Stop at the line containing "This cute elfin": write out every line from the beginning of the entries up to and including it, minus the pictures.

*RECORD EXTRACTS*.
::::::::
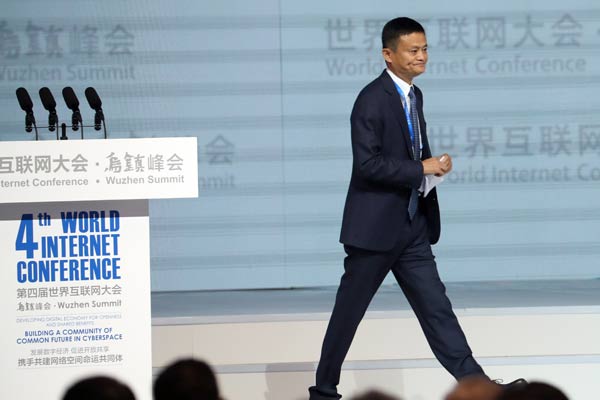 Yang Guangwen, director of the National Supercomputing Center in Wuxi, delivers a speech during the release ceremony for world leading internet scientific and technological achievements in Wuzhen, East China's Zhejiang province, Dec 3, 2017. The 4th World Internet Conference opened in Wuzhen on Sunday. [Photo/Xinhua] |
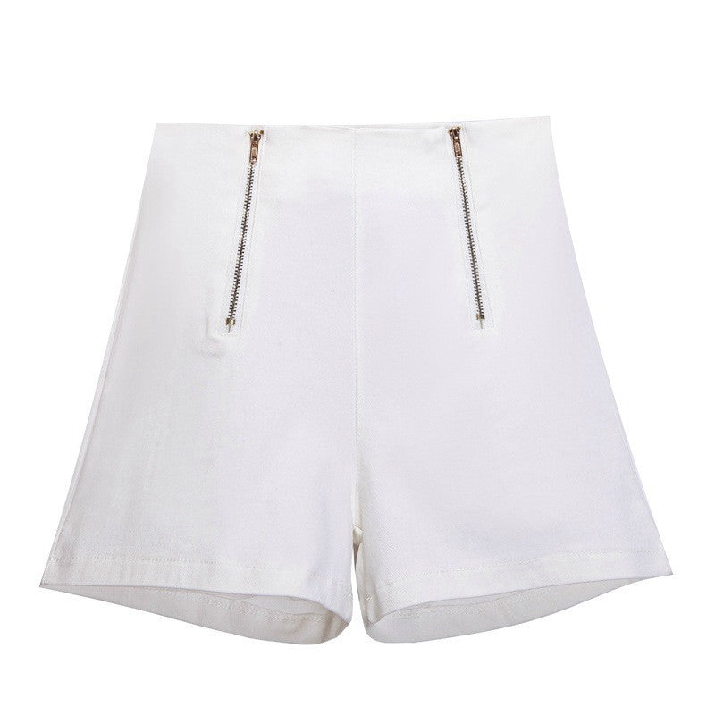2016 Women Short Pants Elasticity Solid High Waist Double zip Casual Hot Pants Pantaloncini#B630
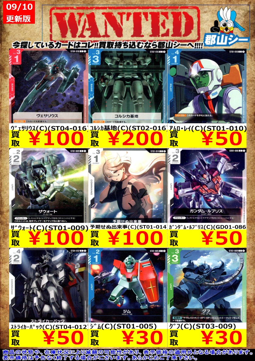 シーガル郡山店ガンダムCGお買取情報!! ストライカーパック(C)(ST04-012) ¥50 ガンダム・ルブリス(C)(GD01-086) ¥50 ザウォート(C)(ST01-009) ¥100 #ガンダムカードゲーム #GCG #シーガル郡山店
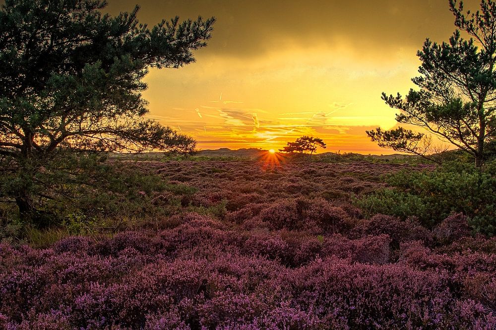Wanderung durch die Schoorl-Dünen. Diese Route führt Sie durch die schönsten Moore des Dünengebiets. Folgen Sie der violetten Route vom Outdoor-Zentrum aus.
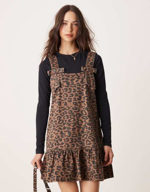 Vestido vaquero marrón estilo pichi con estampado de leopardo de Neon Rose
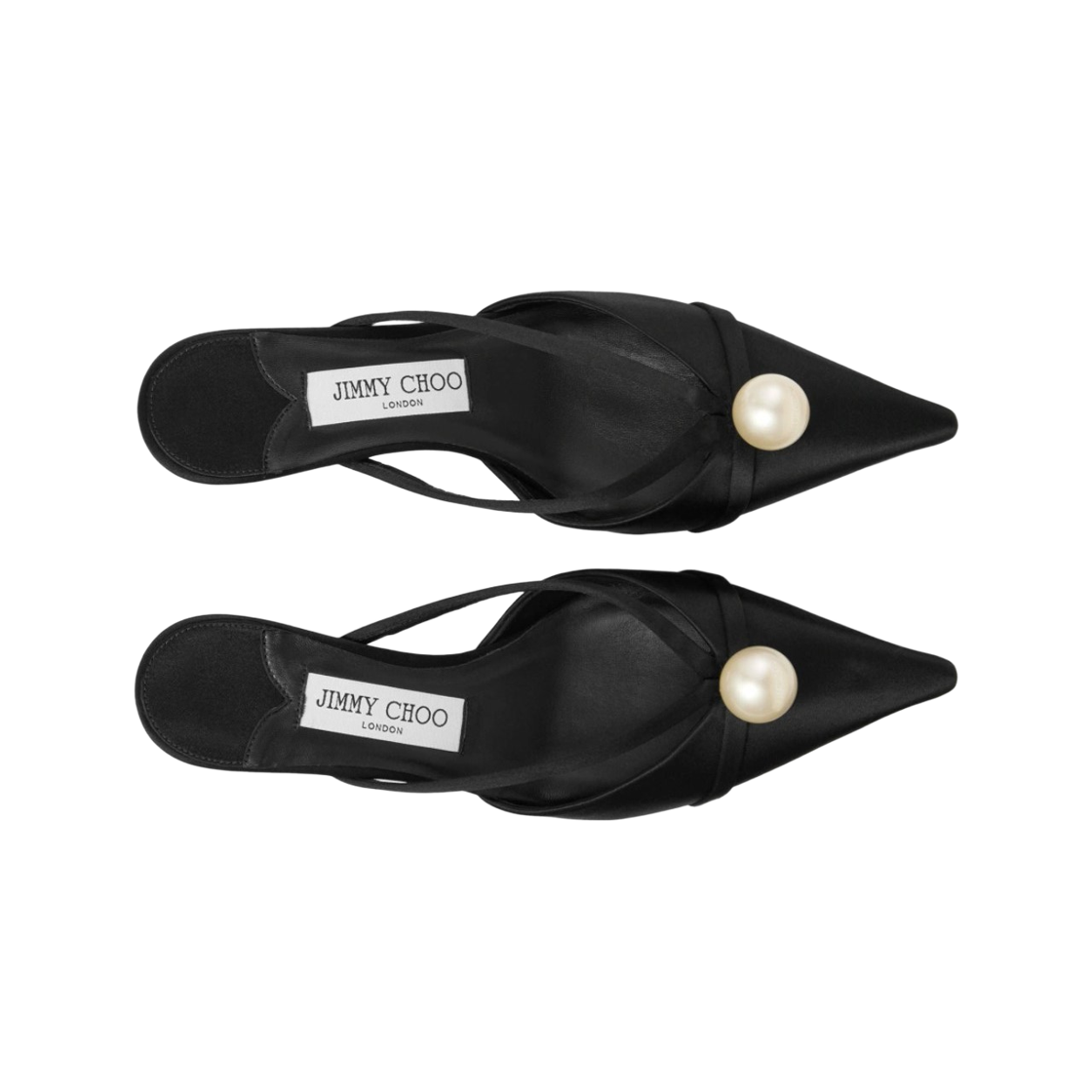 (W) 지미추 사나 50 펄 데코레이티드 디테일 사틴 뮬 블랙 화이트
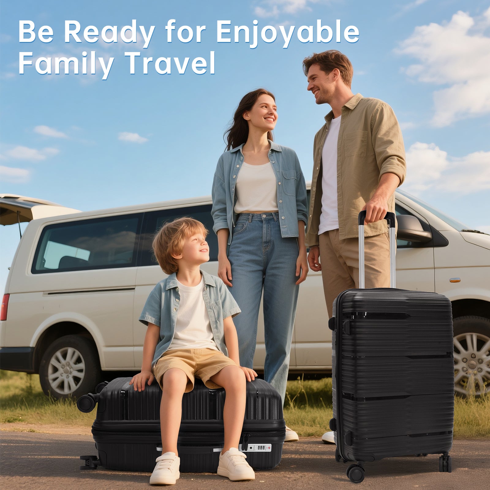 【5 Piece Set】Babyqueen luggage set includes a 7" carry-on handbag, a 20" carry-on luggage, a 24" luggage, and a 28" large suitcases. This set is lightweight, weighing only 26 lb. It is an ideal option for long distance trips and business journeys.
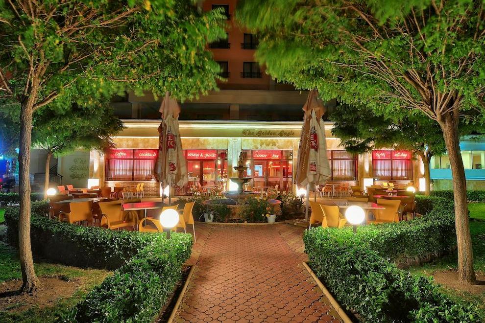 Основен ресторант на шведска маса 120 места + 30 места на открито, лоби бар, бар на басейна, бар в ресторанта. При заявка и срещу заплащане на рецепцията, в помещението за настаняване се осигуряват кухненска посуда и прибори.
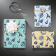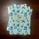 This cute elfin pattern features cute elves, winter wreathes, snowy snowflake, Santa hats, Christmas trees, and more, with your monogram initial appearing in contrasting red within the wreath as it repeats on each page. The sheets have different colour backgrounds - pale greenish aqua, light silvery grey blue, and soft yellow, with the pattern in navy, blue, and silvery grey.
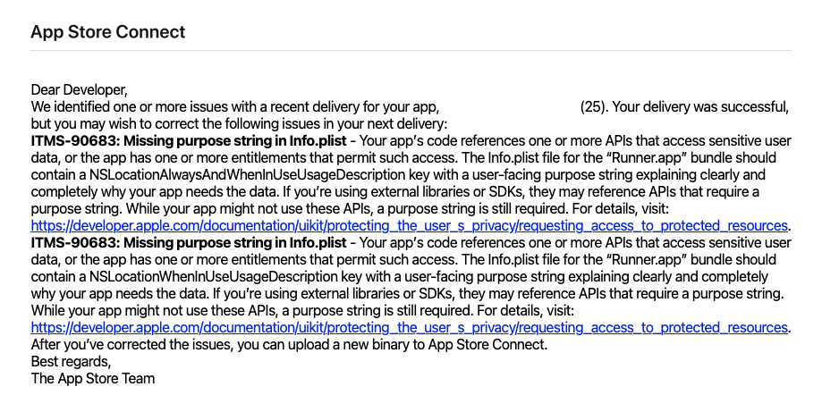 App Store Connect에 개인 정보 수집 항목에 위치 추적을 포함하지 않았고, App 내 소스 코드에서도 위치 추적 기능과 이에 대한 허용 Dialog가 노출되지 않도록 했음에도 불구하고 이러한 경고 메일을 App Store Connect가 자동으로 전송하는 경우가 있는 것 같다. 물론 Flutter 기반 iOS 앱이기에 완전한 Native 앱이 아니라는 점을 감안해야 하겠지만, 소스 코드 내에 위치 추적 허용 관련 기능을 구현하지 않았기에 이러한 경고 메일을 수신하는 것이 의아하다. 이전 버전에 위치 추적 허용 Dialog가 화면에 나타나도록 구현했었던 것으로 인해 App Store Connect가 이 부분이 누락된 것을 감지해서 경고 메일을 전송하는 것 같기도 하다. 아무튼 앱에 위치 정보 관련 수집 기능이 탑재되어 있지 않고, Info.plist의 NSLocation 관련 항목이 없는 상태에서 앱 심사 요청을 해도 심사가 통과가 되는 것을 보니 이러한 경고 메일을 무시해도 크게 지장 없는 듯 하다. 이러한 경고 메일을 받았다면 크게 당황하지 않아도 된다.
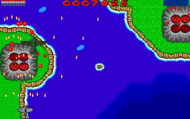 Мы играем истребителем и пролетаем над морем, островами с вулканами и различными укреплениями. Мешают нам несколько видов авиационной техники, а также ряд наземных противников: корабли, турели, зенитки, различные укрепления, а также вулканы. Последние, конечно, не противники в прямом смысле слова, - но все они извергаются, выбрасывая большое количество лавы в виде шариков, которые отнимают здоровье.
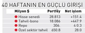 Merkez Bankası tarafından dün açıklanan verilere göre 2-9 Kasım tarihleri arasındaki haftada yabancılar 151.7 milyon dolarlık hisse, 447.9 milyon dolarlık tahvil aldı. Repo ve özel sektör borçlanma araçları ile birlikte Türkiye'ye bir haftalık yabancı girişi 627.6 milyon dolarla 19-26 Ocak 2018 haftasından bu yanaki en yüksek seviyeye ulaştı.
::::::::
*OUTPUT*.
 Yang Guangwen, director of the National Supercomputing Center in Wuxi, delivers a speech during the release ceremony for world leading internet scientific and technological achievements in Wuzhen, East China's Zhejiang province, Dec 3, 2017. The 4th World Internet Conference opened in Wuzhen on Sunday. [Photo/Xinhua] |
2016 Women Short Pants Elasticity Solid High Waist Double zip Casual Hot Pants Pantaloncini#B630
 シーガル郡山店ガンダムCGお買取情報!! ストライカーパック(C)(ST04-012) ¥50 ガンダム・ルブリス(C)(GD01-086) ¥50 ザウォート(C)(ST01-009) ¥100 #ガンダムカードゲーム #GCG #シーガル郡山店
Wanderung durch die Schoorl-Dünen. Diese Route führt Sie durch die schönsten Moore des Dünengebiets. Folgen Sie der violetten Route vom Outdoor-Zentrum aus.
 Vestido vaquero marrón estilo pichi con estampado de leopardo de Neon Rose
 (W) 지미추 사나 50 펄 데코레이티드 디테일 사틴 뮬 블랙 화이트
 【5 Piece Set】Babyqueen luggage set includes a 7" carry-on handbag, a 20" carry-on luggage, a 24" luggage, and a 28" large suitcases. This set is lightweight, weighing only 26 lb. It is an ideal option for long distance trips and business journeys.
 Основен ресторант на шведска маса 120 места + 30 места на открито, лоби бар, бар на басейна, бар в ресторанта. При заявка и срещу заплащане на рецепцията, в помещението за настаняване се осигуряват кухненска посуда и прибори.
 This cute elfin pattern features cute elves, winter wreathes, snowy snowflake, Santa hats, Christmas trees, and more, with your monogram initial appearing in contrasting red within the wreath as it repeats on each page. The sheets have different colour backgrounds - pale greenish aqua, light silvery grey blue, and soft yellow, with the pattern in navy, blue, and silvery grey.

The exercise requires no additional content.